I didn’t mind waiting on customers although my dad had clear rules about how that was to be done. For one thing, if you were asked where some item was, say measuring cups or parakeets, you were supposed to lead the person to the item and not just point. Pointing conveyed the message that whatever you were doing was more important than the customer. And that, my friend, was never the case. If you are staunching the bleeding from a coworker’s near fatal chest wound and you happen to be asked where the Philip’s head screwdrivers are, you must quickly pack his or her chest with a dust cloth (always kept in one’s pocket) and lead the way.

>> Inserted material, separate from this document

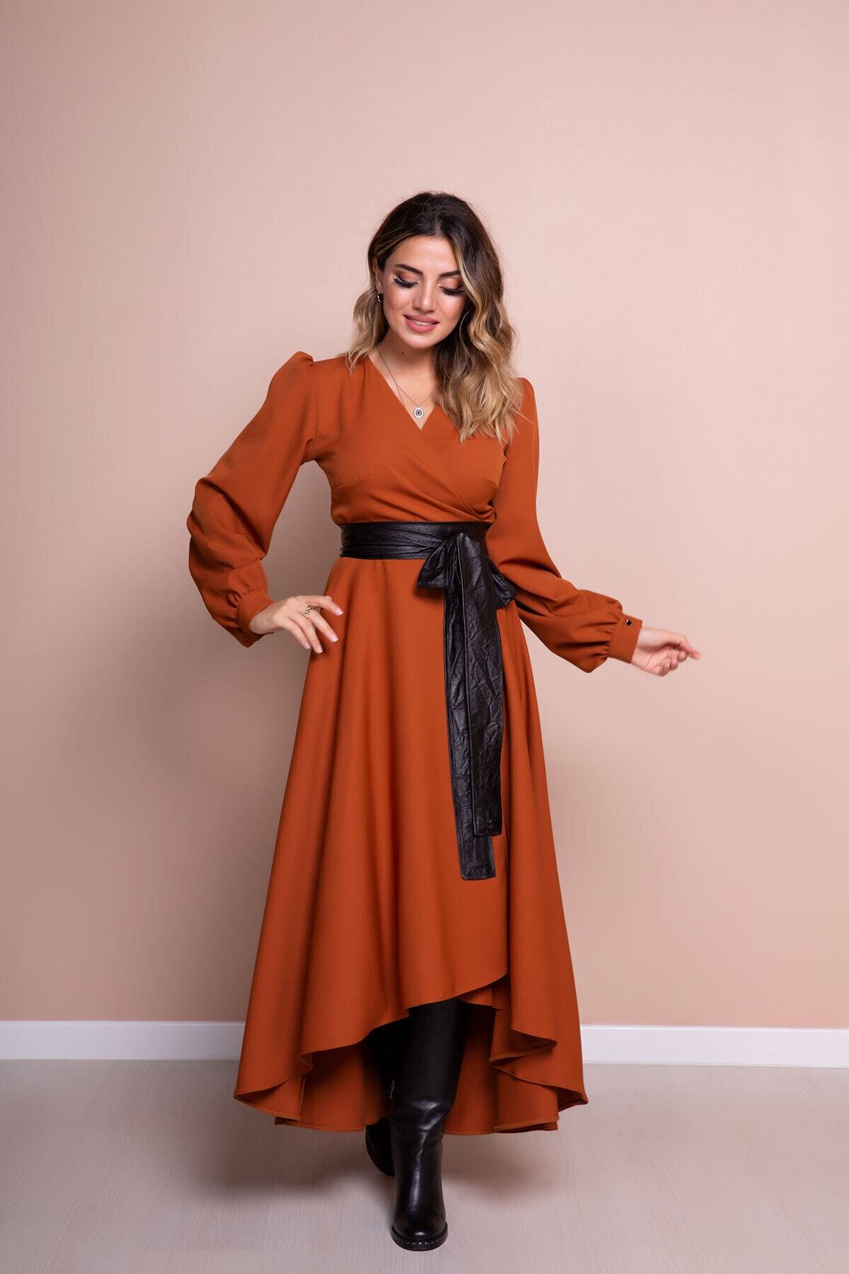 Kadın Kırmızı Siyah Deri Kemerli Uzun Kol Asimetrik Kesim Midi Boy Elbise Kadın Kırmızı Siyah Deri Kemerli Uzun Kol Asimetrik Kesim Midi Boy Elbise BM-0210-SYDK-MID 54
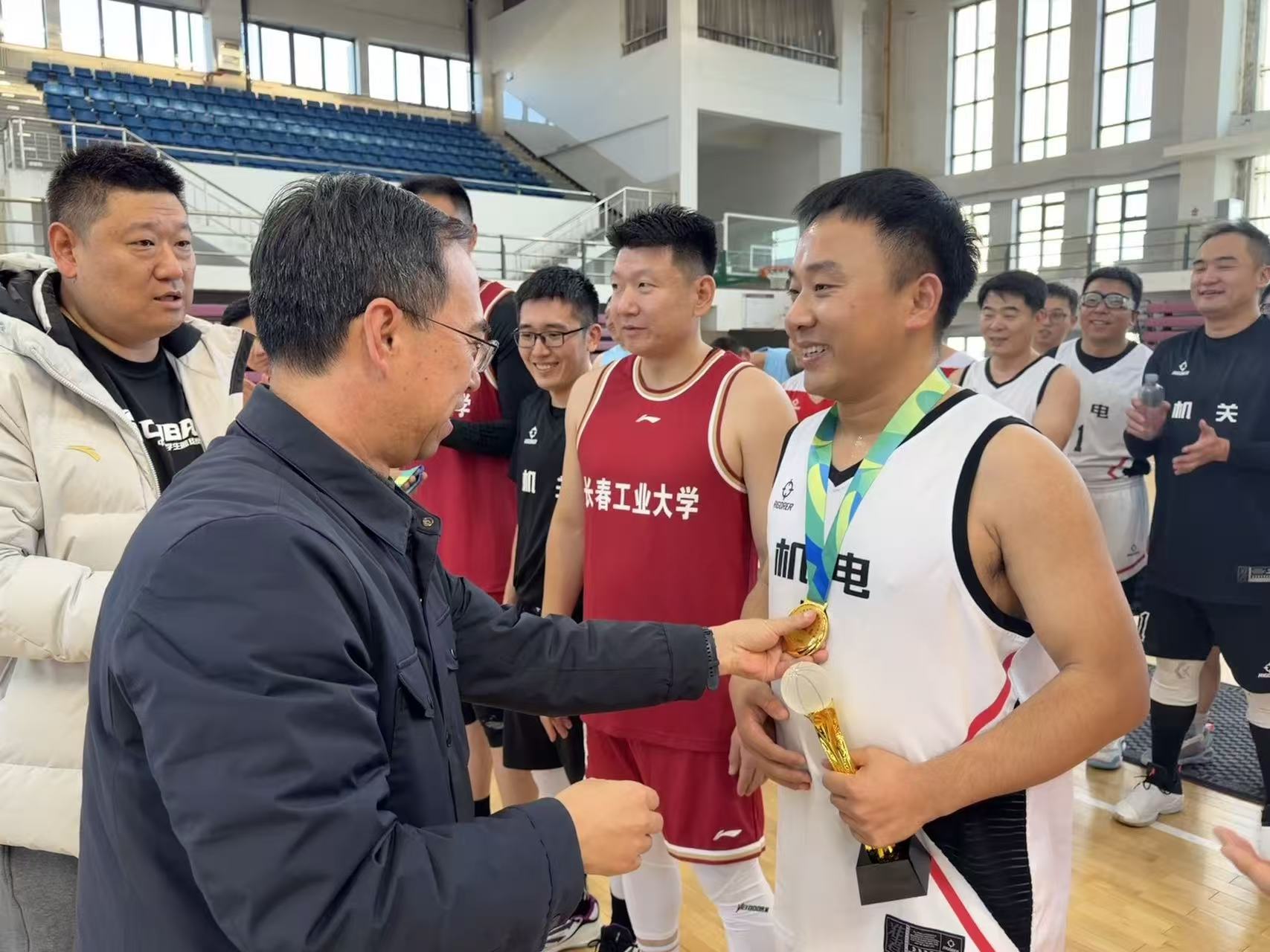 本网讯(通讯员 唐伟宸)11月19日,2025年教职工篮球赛在南湖校区体育馆圆满落下帷幕。此次活动由学校工会主办,体育教研部、学校教工篮球协会协办,设置了“教职工三人制篮球赛”与“三分球大赛”两大竞技项目,得到全校各单位的积极响应,副校长胡刃锋亲临现场观赛,并为获奖运动员颁奖。

My father didn’t think having his 12-year-old daughter working for a dollar an hour in his store was in any way odd. His whole life was working. Well, actually, his whole life was the store. We talked about the store all the time. Why the weekly shipment was late. Who was sick and didn’t come in. How the new K-Mart down the street was beating us on Aqua Net. “It’s a loss leader,” he said. So, he would ‘loss leader’ them back and then we’d talk about it at dinner. Aqua Net. The Aqua Net Wars.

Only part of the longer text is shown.